4月にアール・ド・ヴィーヴルのスタッフがパリに視察旅行に行ってまいりました。このコーナーでは、数回に分けて、パリのホットな情報をお伝えしてまいります。今回は、パリ17区のバティニョル(Batignolles)で毎週土曜日の午前中に開催されている「ビオ・マルシェ(有機農産物の市場)」についての報告です。
所謂普通の「マルシェ」よりは値段のはる「ビオ・マルシェ」ですが、籠型のバッグを手に品定めをするパリジャン・パリジェンヌで賑わっていました。お肉、お魚、野菜、パンや卵など、様々な食材の他、アロマオイルやお花などのお店もあります。
パン屋さんや卵の写真にあるABマークを目にされた方もいらっしゃるかと思います。これは、「アグリキュルチュール・ビオロジック」のイニシャルをとったロゴマークで、1985年にオーガニックの認定基準として制定されたものです。(http://www.agri-bio.fr/)フランス政府による厳しい認定基準をクリアし、認められたものだけに使用することができます。遺伝子組み換え作物や、科学肥料・薬品の使用禁止は勿論のこと、家畜などは飼育環境や飼料にも厳しい基準が設けられており、認定を受けるのはなかなか難しいようです。
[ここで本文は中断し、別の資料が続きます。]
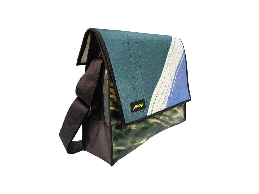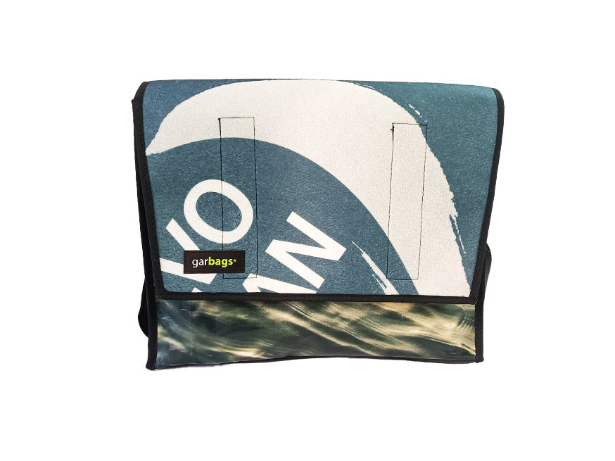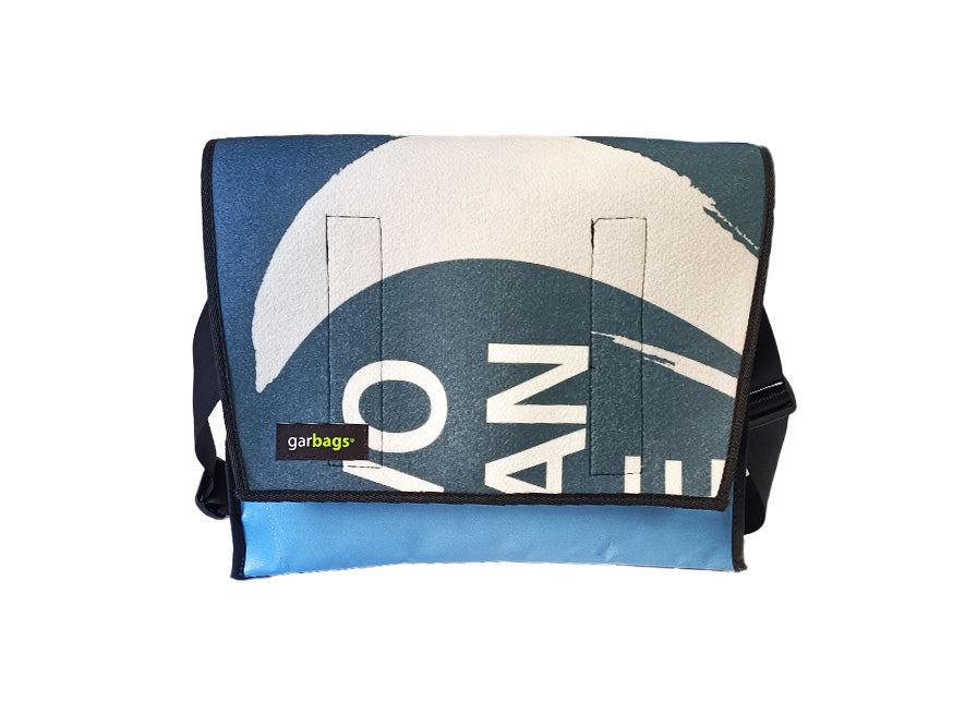 Messenger Bag XL publicity banner white stripe and two tone blue

沢山の商品が並ぶ市場の中で、私が見つけた逸品は「シアバター」です。西アフリカ産のシアの種子から抽出された、栄養分を豊富に含んだ脂肪分は、乾燥や紫外線から肌を守ってくれるということで日本でも注目されています。美容の研究が盛んなフランスでは、「ロクシタン」などのブランドでも商品化されています。ただ、商品になったものを使用した経験はあっても、現物のシアの実やバターの塊を見たことがある方は少ないのではないでしょうか。店先で手にシアバターを塗らせてもらうと、リッチなテクスチャーと自然な香りでリラックス気分も味わうことができました。
私が購入したのは、シアバター本来の姿を楽しむため、香りづけなどを一切していない、「100% BRUT」。店主いわく、「顔、手、ボディには勿論、お料理にも使えるよ」とのこと。元々アフリカでは食品として使われてきたようです。